◆ **Your assignment**
Set down, exactly and with no pictures, the line that contains "your artist !" and all lines after it in the listing.

***** Exercise data

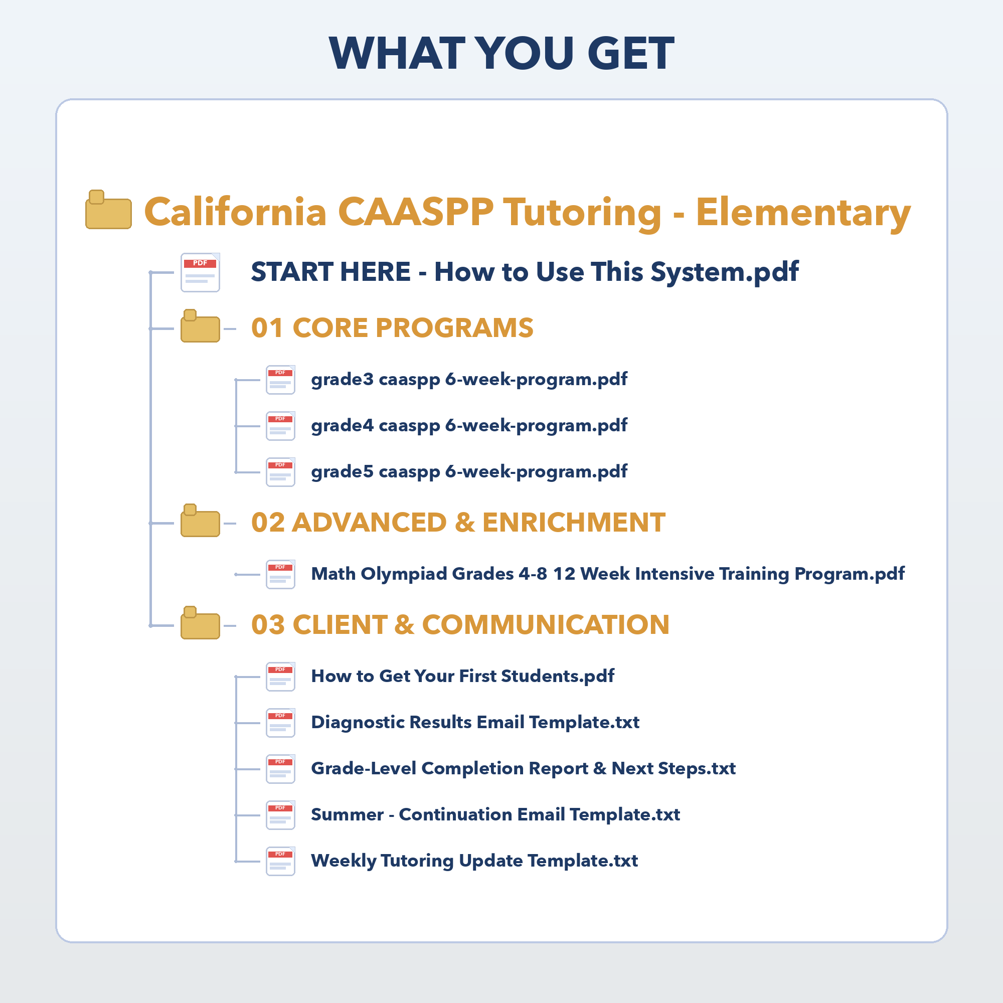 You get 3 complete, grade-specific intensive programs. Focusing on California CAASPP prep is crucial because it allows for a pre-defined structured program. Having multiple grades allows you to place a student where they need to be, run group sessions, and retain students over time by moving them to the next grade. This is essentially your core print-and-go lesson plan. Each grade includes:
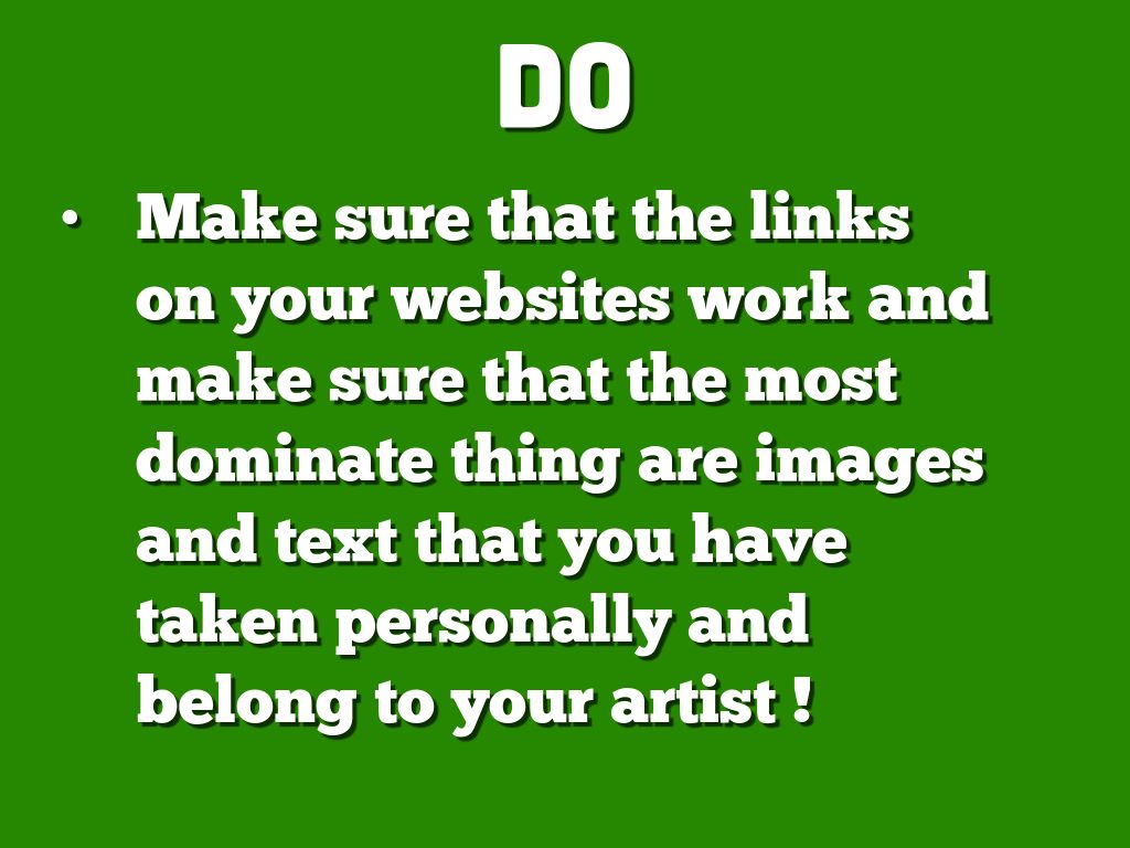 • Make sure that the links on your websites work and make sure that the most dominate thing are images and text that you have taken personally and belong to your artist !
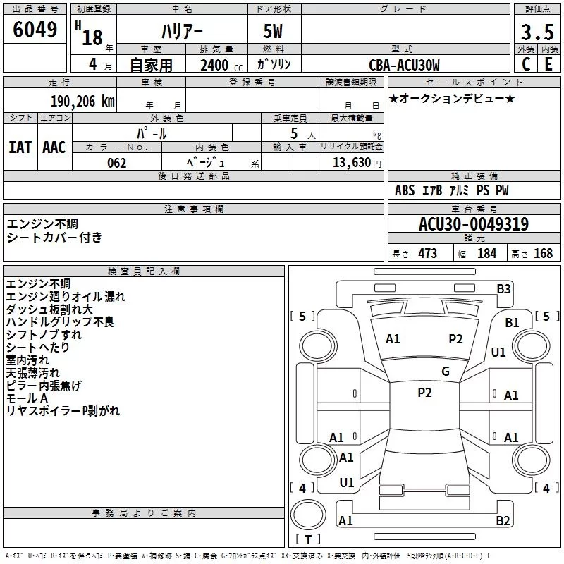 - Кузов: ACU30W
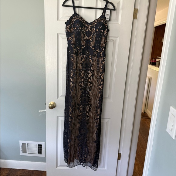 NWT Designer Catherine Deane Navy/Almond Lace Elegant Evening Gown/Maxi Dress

**********

◆ **Task answer**
 • Make sure that the links on your websites work and make sure that the most dominate thing are images and text that you have taken personally and belong to your artist !
 - Кузов: ACU30W
 NWT Designer Catherine Deane Navy/Almond Lace Elegant Evening Gown/Maxi Dress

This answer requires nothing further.